There's not much I can really say about the world Cup final that hasn't been said. I'm still not convinced on the issue of using penalty kicks to settle a drawn final, though. Surely there must be a better way to resolve a game as big as the WC final? My mind goes back to what the Sportstar said after the 1994 final which also saw a penalty shoot out "Not the perfect solution, but the best we have". And I tend to agree, in a resigned sort of way. It would certainly be unfair to make them play another game. The toss of a coin, as suggested by one paper, is ridiculous. In the 1950 world cup, I noticed, they pitted the final four times against each other in a round- robin group, meaning instead of semifinals and a final, each team played each other once and the team which finished on the highest number of points at the end, won. As it turned out, the last game between Brazil and Uruguay was effectively a final match as the team which won would finsih on top, and thus get the title. I don't think such a method would go down with the fans too well today, though. Penalties are here to stay.

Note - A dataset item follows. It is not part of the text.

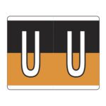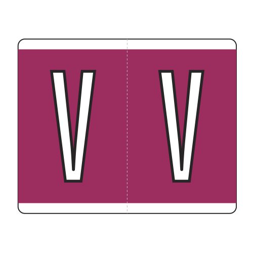 These are Kardex PSF-139 compatible letter alpha labels. Each label wraps around the end of a file folder to label that folder for alphabetical filing. These alphabetic labels feature a wrap-around solid bar and a colored letter “V” printed on a dark pink background. The letter will be visible on each side of the folder when applied. Each label is 1-1/2″ wide and 1-1/4″ high. Labels are laminated and sold in rolls of 500.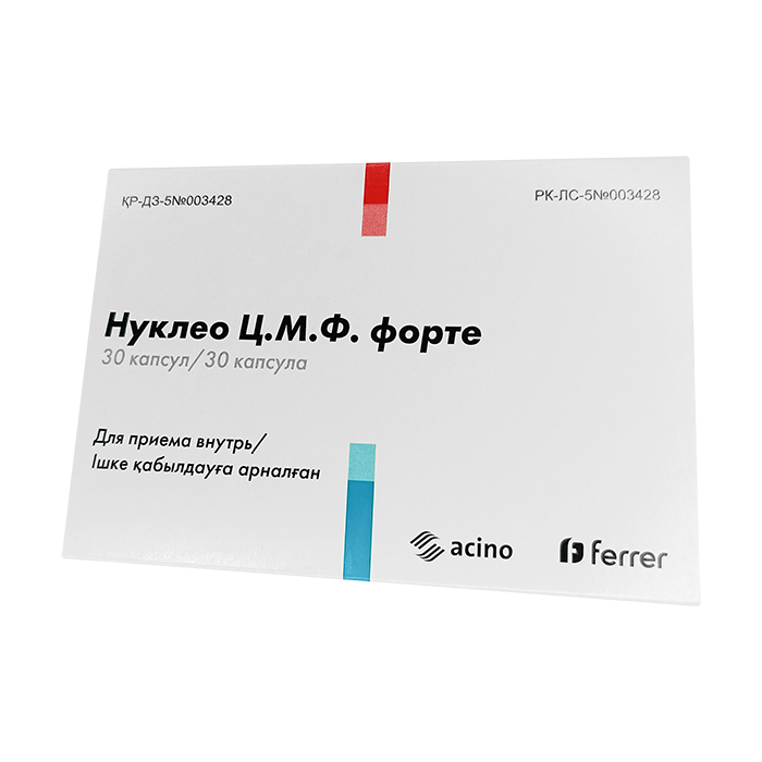 Нуклео ц.м.ф. форте в своем составе содержит пиримидиновые нуклеотиды - цитидин-5-монофосфат (ЦМФ) и уридин-5-трифосфат (УТФ), которые являются необходимыми компонентами при лечении заболеваний нервной системы.

These days, the penalty shootout has become serious business. Arguably, it's a test of skill as much as nerves although most of us like to believe it's pure luck. Strategies have actually evolved to the point where we see Sven-Goran-Errikson bringing on Jamie Carragher late in the game specifically for the shootout. Likewise in the final, when Frank Ribery was substituted for for poor David Trezeguet. All the talk in the closing moments was about how "France are without their best penalty takers" namely Zidane and Henry. In the quarterfinals, Portugal's Ricardo produced a superhuman effort to block three England penalty kicks and the commentators went on about how he "revels in these situations". Goes to show that the shootout has not become merely an accepted, but a necessary part of strategy. To digress a bit, there was once an ICC experiment to decide abandoned ODI cricket matches on a 'shoot-out' meaning five bowlers on each side try to knock over the stumps with one delivery each, and the winner is the side which is able to hit the stumps more often. Seems an unthinkable, just as the penalty shootout was ages ago, but ten or twenty years down the line who knows?
In the last post I commented about Zidane and an otherwise unmemorable World Cup. After all that, it looks like the Cup will be well remembered after all, though not in a way that would please fans and critics alike. The headbutting issue has been done to death in the papers so I won't get into it. I'd just like to say I think Zidane was destined to go out in an unpredictable manner, yet another way of keeping his fans guessing. He tantalized football fans in general and his followers in particular with that audacious penalty kick. He kept them hopeful with his midfield runs and deft passing. He almost brought them all to his feet with that header. He had them asking "Why, oh why" with his inglorious exit. Like all flawed geniuses, you never knew quite what you would get, nothing would be neat and tidy or according to a perfect script. 'Script' is actually an appropriate word....his role in the final played like a movie. But truth is always stranger than fiction, as we (and Zidane) found out. It wasn't an altogether unhappy ending, he did win the golden ball. But, in a world that increasingly loves to paint in black and white, there was to be no ordinary or straightfoward exit for him. Simply haunting, this final was.